The company follows the October-November fiscal and it has now presented the financial performance for the second quarter ended 31st August 2008. YoY, net sales of the company rose 14% but operating expenses ate away 85% of the revenue earned, leading to the OPM fall from 19.63% to 16.13%. EBITDA showed a fall of 6% and thankfully, the company being debt free, has got virtually no interest outgo. Depreciation is also miniscule. PBT fell 8%. Tax outgo was maintained at Rs.9.56 crore yet, the damage had been done. PAT was down 12%. NPM slipped from 12.62% to 9.73%.
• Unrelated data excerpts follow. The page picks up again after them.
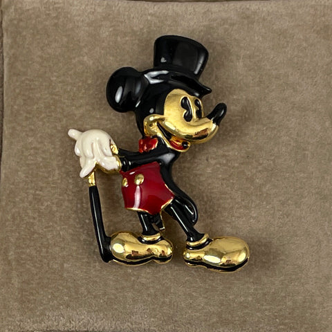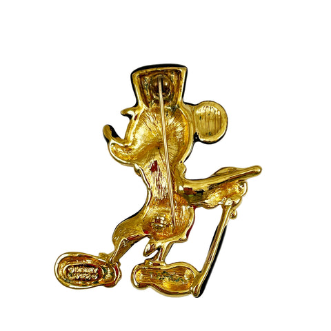 This vintage Mickey Mouse brooch showcases expertly applied enamel work in vibrant red, white, and black against warm gold-tone metal. The iconic character is rendered in classic style, complete with top hat and cane—a refined representation of Disney's most recognizable figure. A nice piece for collectors and vintage jewelry enthusiasts seeking authentic mid-century character pieces with superior craftsmanship.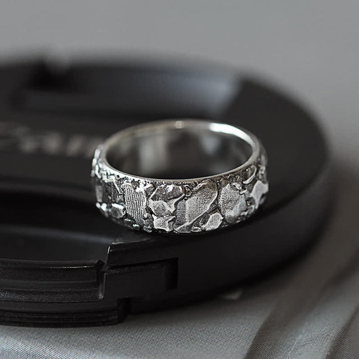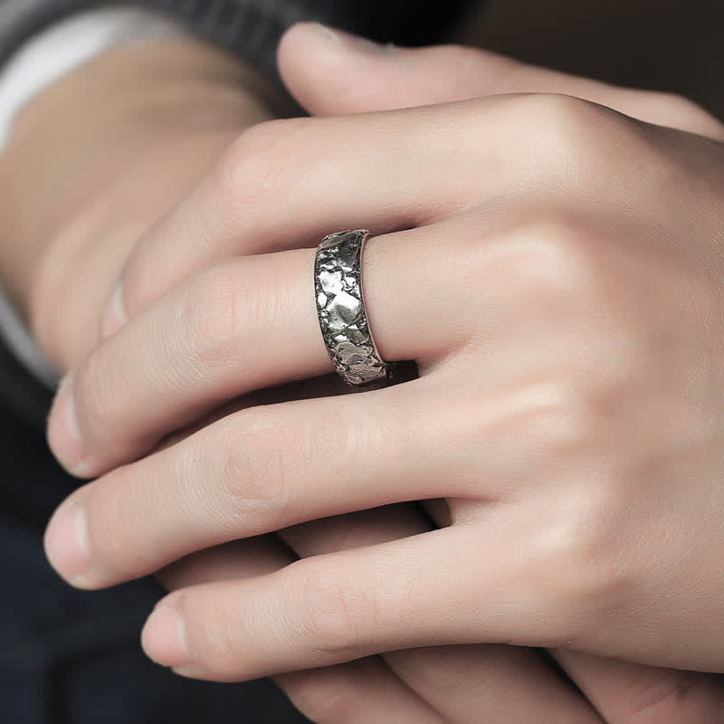 Anillo de cobre con bendición de la suerte y patrón de roca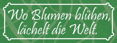• Schild Wo Blumen Bléhen Lächelt Die Welt Garten Park 27 x 10 Blech od. Holz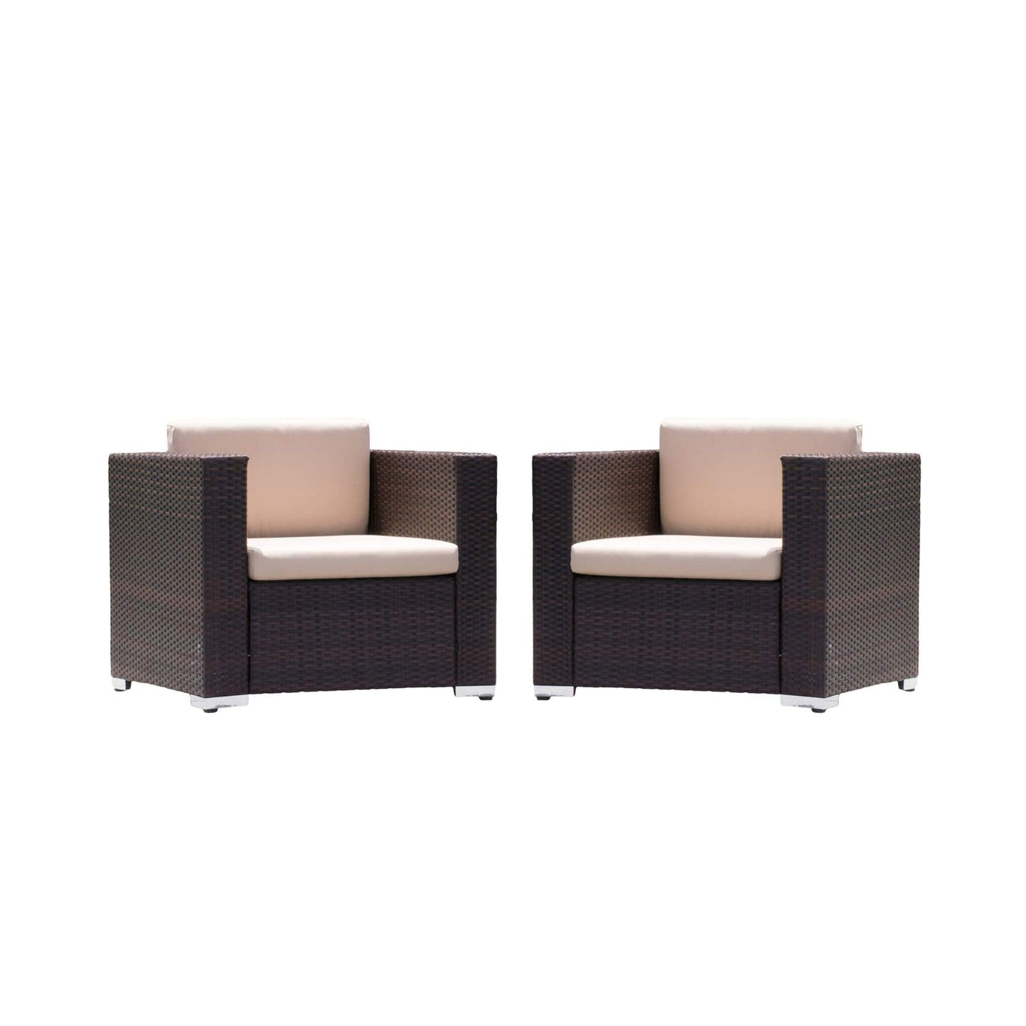 Transform your patio or garden into a haven of style and comfort with the Modern Rattan Outdoor Water-Resistant Wicker Patio Chairs. Thoughtfully designed for outdoor relaxation, this set of two chairs combines contemporary elegance with durability. Featuring a sophisticated brown multitone rattan weave and plush tan cushions, these chairs are perfect for entertaining guests or enjoying a peaceful coffee on a sunny morning. With water-resistant cushions and a robust metal frame, they’re built to withstand the elements while offering timeless charm and luxurious seating year-round. Sit back, relax, and elevate your outdoor living experience today!

Yet, this can be taken as a blip, another company which fell victim to the current circumstances. The company remains strong. It recently concluded buying back part of its shares, it bought back 797,500 fully paid up equity shares of Rs 10 each, at a price of Rs 630 per share, after which, its equity capital now stands reduced at Rs.13.67 crore, from earlier Rs.14.47 crore. Promoters holding post buy back has increased from 65.14% to 68.94%, that of FIIs has reduced to 0.73% (0.75%); financial institutions to 6% (8.79%). Public holding has come down to 24.33% (25.32%).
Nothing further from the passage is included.